The agreement includes a €110 million upfront payment to Hansa Biopharma, with an additional €5 million contingent on the European Medicines Agency's acceptance of the filing for Idefirix's full approval. The transaction is expected to close within 60 days, pending foreign direct investment regulatory approval.
The acquisition gives SERB control of a conditionally approved treatment for the 10-15 percent of kidney transplant patients considered highly sensitised. SERB will take over long-term and pediatric studies for Idefirix, which has a US PDUFA date of December 19, 2026.

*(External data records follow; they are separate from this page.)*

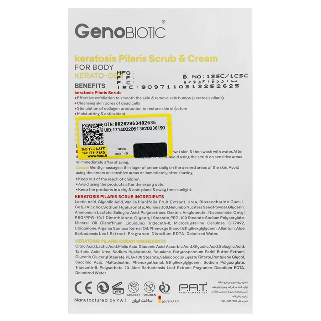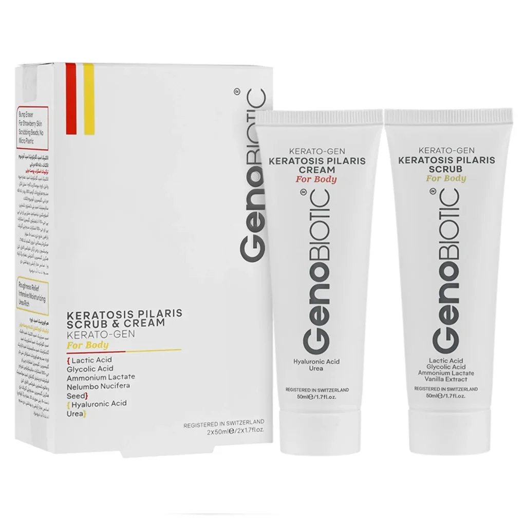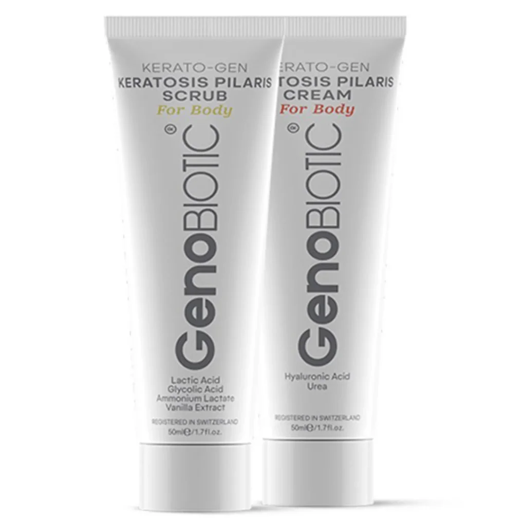 پک دو عددی اسکراب و کرم کنترل کننده پوست مرغی ژنوبایوتیک راهکاری ایده آل برای بازگرداندن صافی و یکنواختی به پوست شماست. این پک شامل دو محصول مکمل است که با ترکیبات پیشرفته، به رفع دانه ها و برجستگی های پوست مرغی کمک می کنند و پوستی نرم، صاف و درخشان به ارمغان می آورند.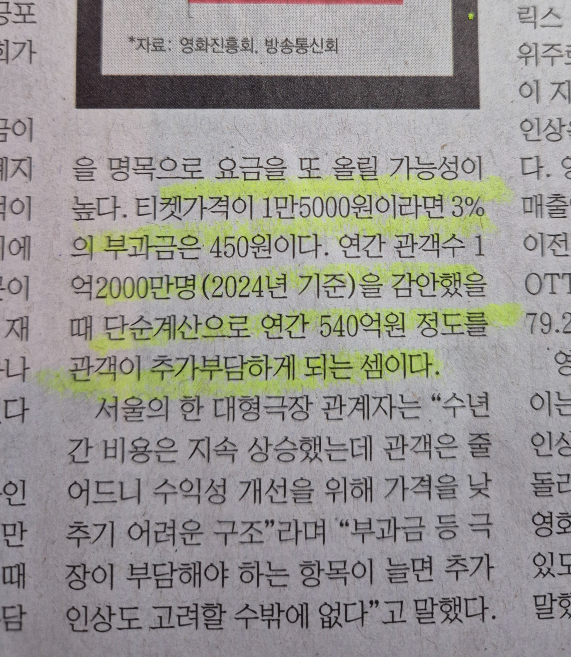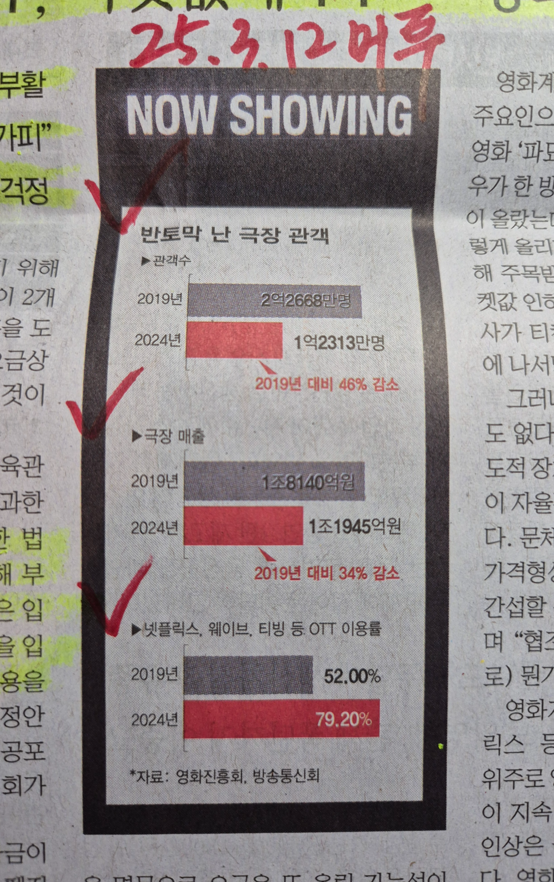 -극장산업 상황이 보고 된다. 2019년 기준 2024년 관객수는 절반 수익은 40% 이상 감소한 것으로 확인된다.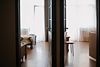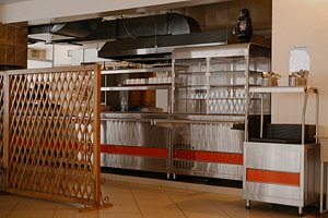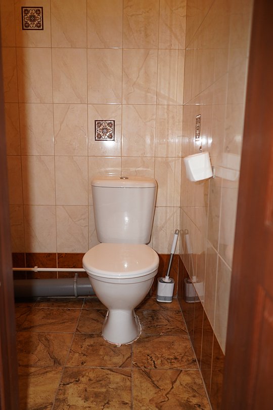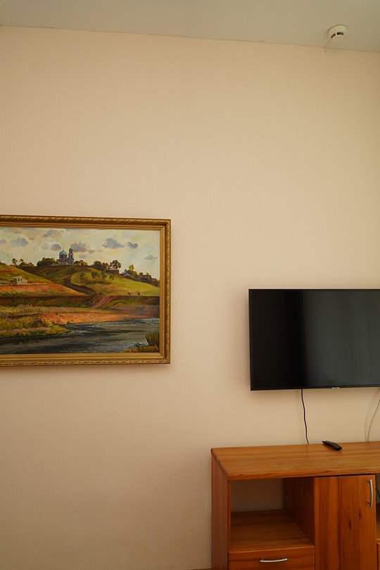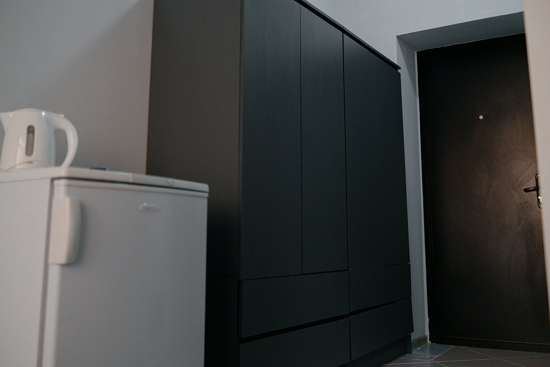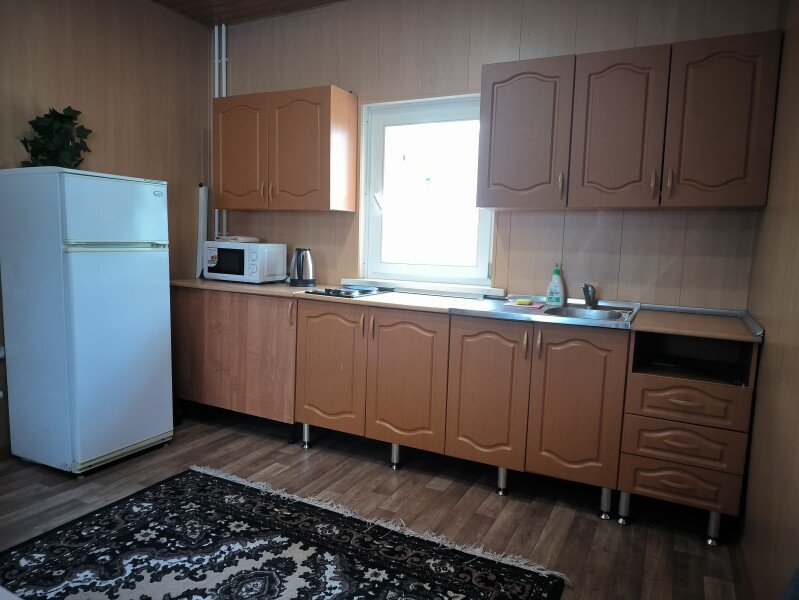 Номера находятся в цокольном этаже с общей укомплектованной кухней. В кухне плита, духовой шкаф, стол, стулья, два холодильника, термопот, электрический чайник, микроволновая печь.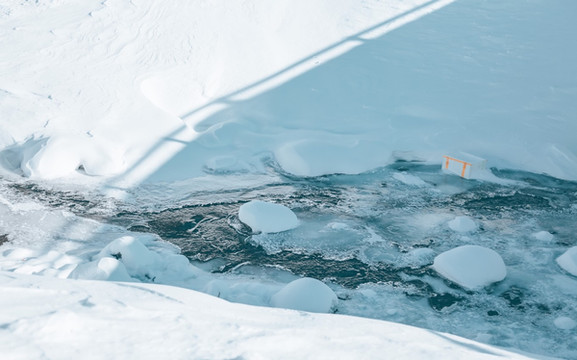 水流湍急,水温也不算太低,这里的河流竟还没有上冻,在这冰天雪地里,还能听得见溪水潺潺声。
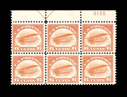 2011 nhPB C1 image#C1, 6c Orange, choice top margin arrow and plate no. 9155 block of six, exceptionally fresh, possessing brilliant vivid color, unusually well centered, pristine o.g., n.h., lacking the gum flaws that are found on so many, extremely fine; a most attractive plate block. (Image) $1,050.00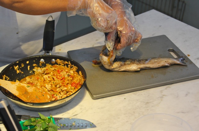 Stuff your bangus skin; note the excess liquid in the pan. Too much liquid. Pain in the next step.

Idefirix, with the generic name imlifidase, is an enzyme that cleaves IgG antibodies, which can cause organ rejection. It is used for desensitisation in highly sensitised adult patients awaiting a kidney transplant from a deceased donor. These patients, who make up an estimated 10-15 percent of the 70,000 people on the European kidney transplant waiting list, have pre-formed antibodies that make finding a compatible donor exceptionally difficult.

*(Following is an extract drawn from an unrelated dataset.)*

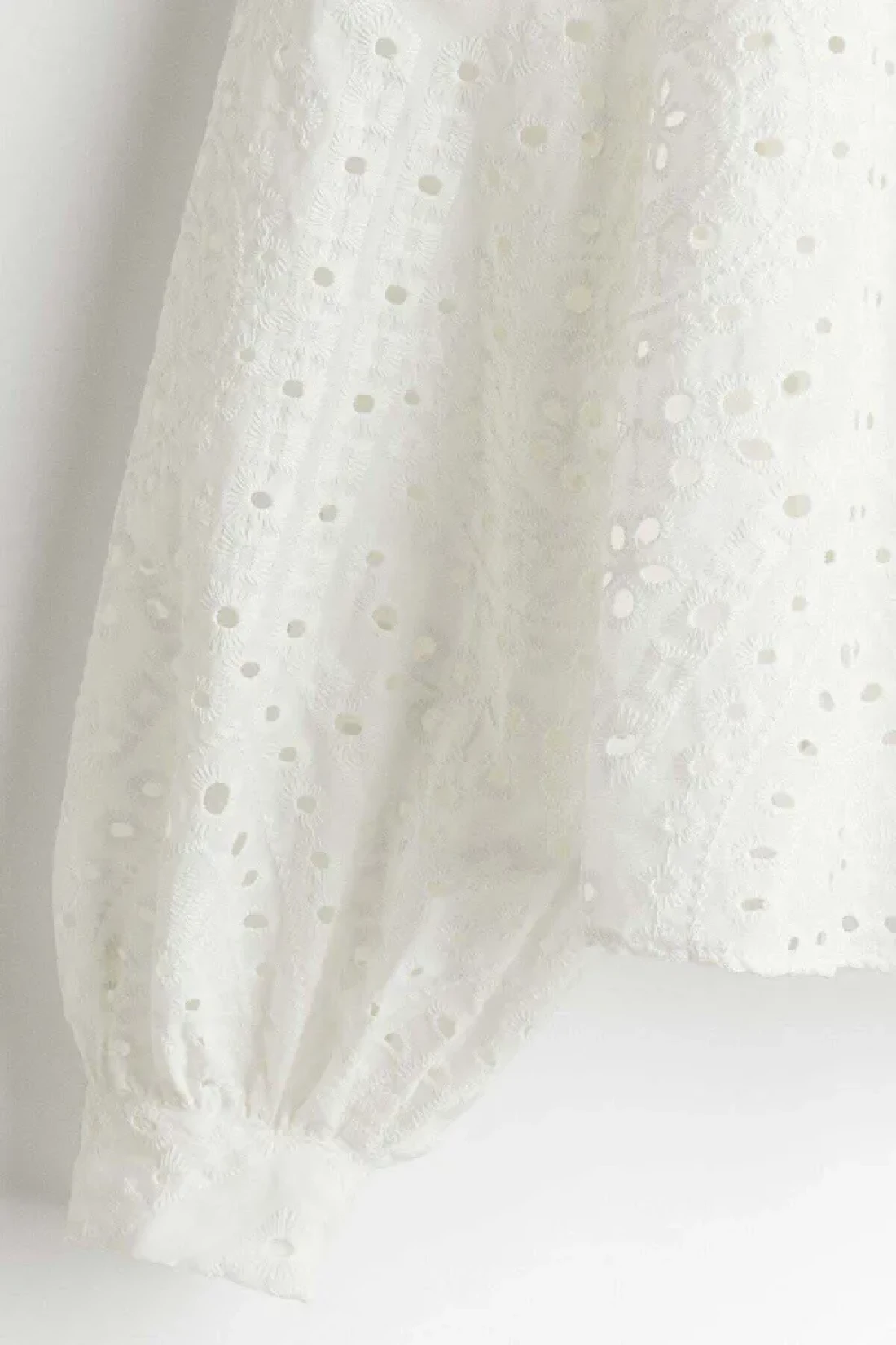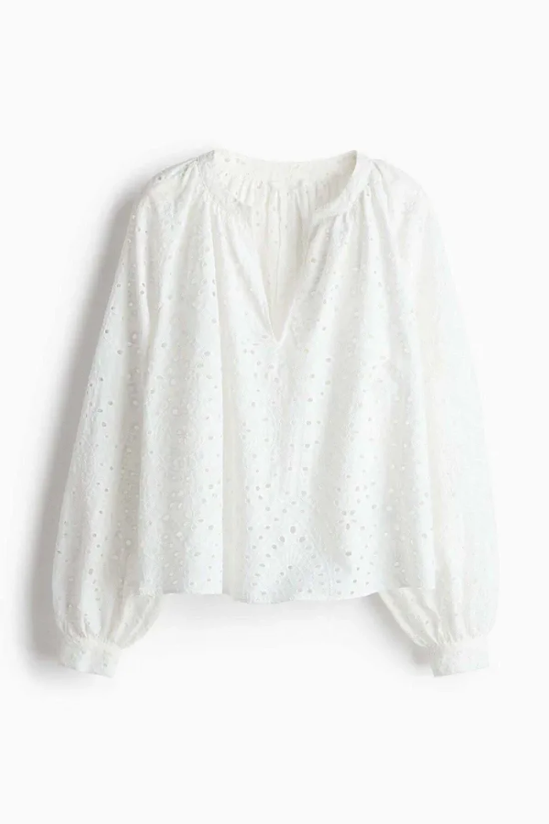 Loose-fit blouse in a cotton weave with all-over broderie anglaise.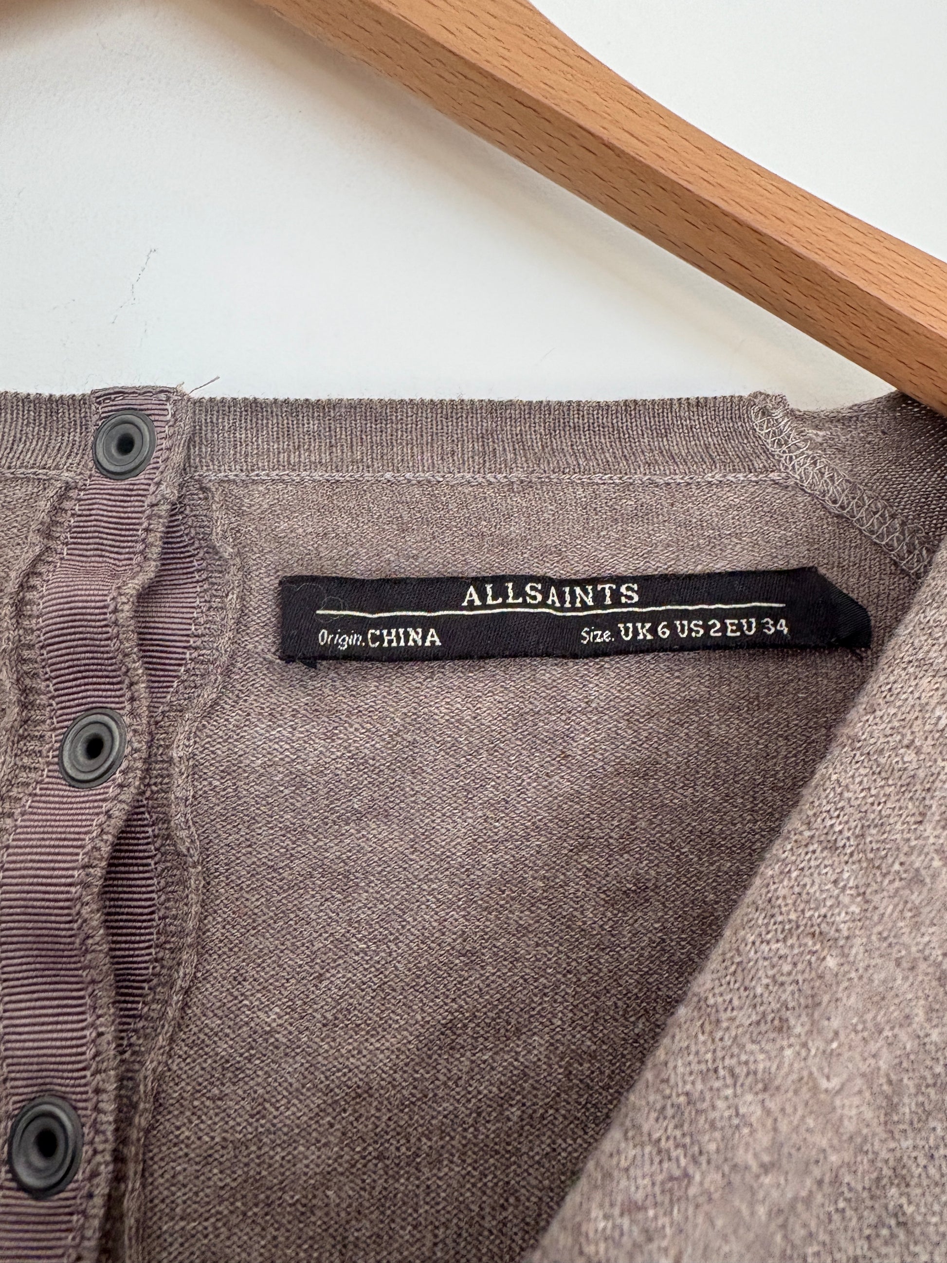 All Saints Button Cowl Neck Top UK 6

Under the terms of the deal, Hansa will support SERB through the EMA review process for full approval. Following the transaction's close, SERB will assume responsibility for the Post-Authorization Efficacy Study (PAES) long-term follow-up and an ongoing paediatric study.
Rothschild & Co. served as the exclusive financial advisor to SERB, with Freshfields as legal counsel. Centerview Partners UK LLP and Morgan Lewis acted as exclusive financial advisor and legal counsel to Hansa, respectively.
This deal provides Hansa with significant non-dilutive funding while allowing SERB to use its European commercial platform. Investors will watch for the completion of the FDI regulatory approval within the next 60 days.
This article is for informational purposes only and does not constitute investment advice.